Rezension: In 80 Gerichten um die Welt

Wer kennt sie nicht, die Geschichten von Phileas Fogg und seinem treuen Dinner Passepartout, die sich aufgrund einer Wette auf eine Reise um die Welt machen. 80 Tage haben sie dafür Zeit und erleben unterwegs lauter Abenteuer, laufen allerdings vor allem auch immer der Zeit hinterher und davon.

In 80 gerichten um die Welt

David Loftus hat diese Geschichte von Jules Verne als Grundlage für sein eigenes Werk genommen. Er präsentiert, der Originalstrecke von Fogg genau folgend, kulinarische Besonderheiten. Das allein wäre schon eine tolle Idee, aber er setzt sie nicht allein um, sondern hat sich prominente Mitstreiter gesucht: Viele seiner (berühmten) Kochfreunde haben Gerichte zu diesem Buch beigesteuert: Jamie Oliver ist nicht nur mit dem Vorwort, sondern gleich mit mehreren Rezepten mit von der Partie, aber auch Heston Blumenthal, April Bloomfield, Nigella Lawson, Rachel Khoo und viele andere steuern Rezepte bei.

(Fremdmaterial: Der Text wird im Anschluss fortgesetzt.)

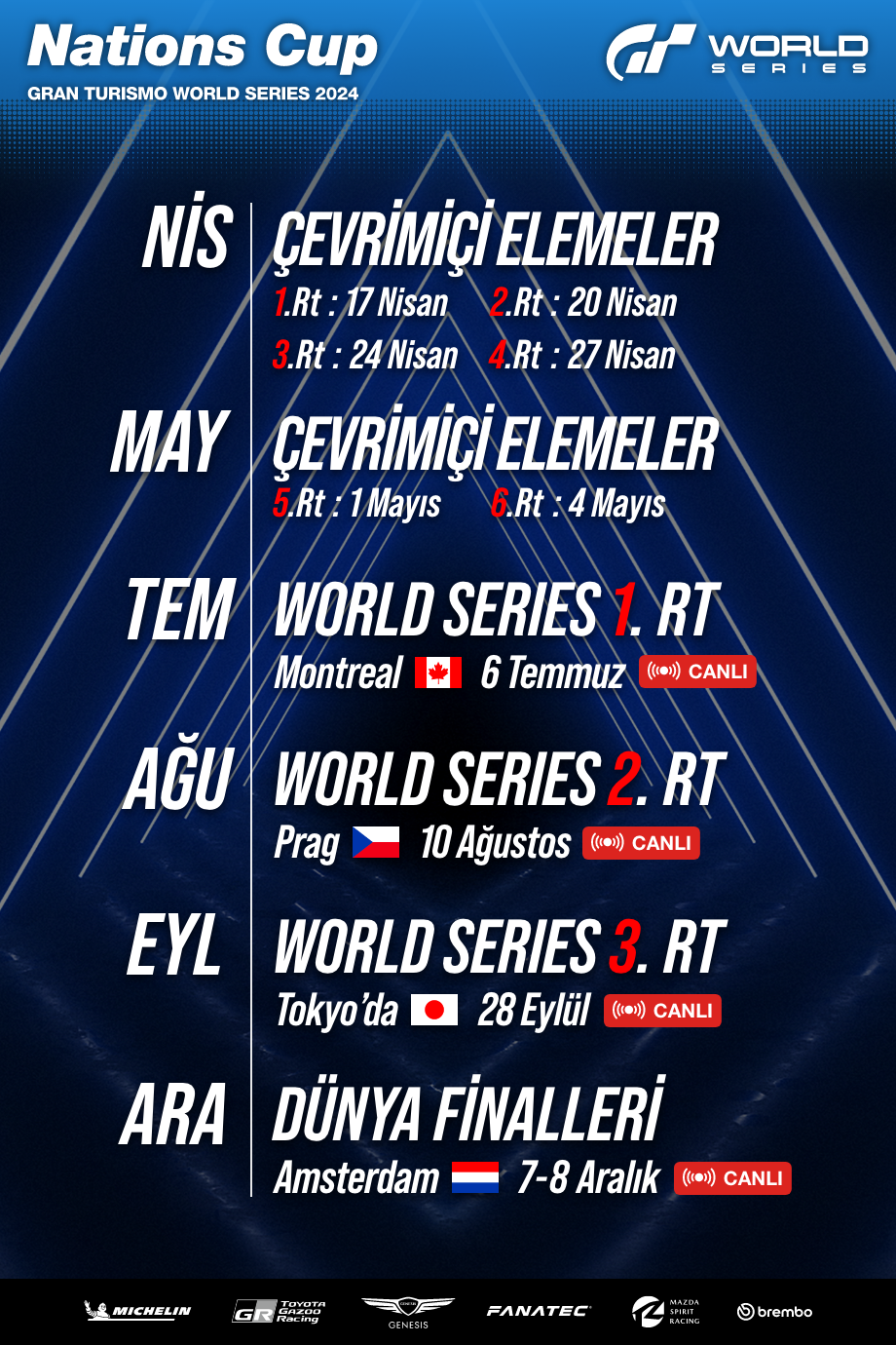 - (Asıl yayın tarihleri değişebilir. Sürücüler gerçek yarış tarihleri hakkında doğrudan bilgilendirilecektir.)

Heraus kam hierbei eine tolle Sammlung authentischer Rezepte aus Frankreich, Ägypten, dem Nahen Osten, Indien, Singapur, Hongkong, Yokohama, San Francisco, New York, von der Atlantiküberquerung und schließlich aus Großbritannien. Ich finde es in diesem Falle absolut positiv, dass der Versuchung widerstanden wurde, das Buch einfach „In 80 Gerichten um die Welt“ zu nennen, sich allerdings nicht an die Reiseroute zu halten. Selbstverständlich wäre dadurch möglicherweise eine noch vielfältigere Auswahl entstanden, aber dieses Konzept, sich an Jules Verne sehr genau zu orientieren, gefällt mir noch besser.

Indisches Dhal mit Chapati

Indisches Dhal mit Chapati

Die Bilder – die es von jedem Gericht, Gebäck und Drink gibt – sind sehr stimmig und gelungen. Auch einen Einleitungstext begleitet jedes Rezept, teilweise nehmen sie Bezug auf Phileas Fogg und seine Reise, teilweise beschäftigen sie sich mit der Geschichte des Rezeptes oder auch dem Geschmack oder ähnlichem. Zusätzlich ist das Buch in grobe Kapitel nach Kontinenten oder großen Reiseabschnitten eingeteilt. Zu jedem dieser neuen Abschnitte gibt es ein ausführliches Zitat aus „In 80 Tagen um die Welt“, was den Eindruck erweckt, dass man tatsächlich auf einer Reise mit den beiden Helden ist.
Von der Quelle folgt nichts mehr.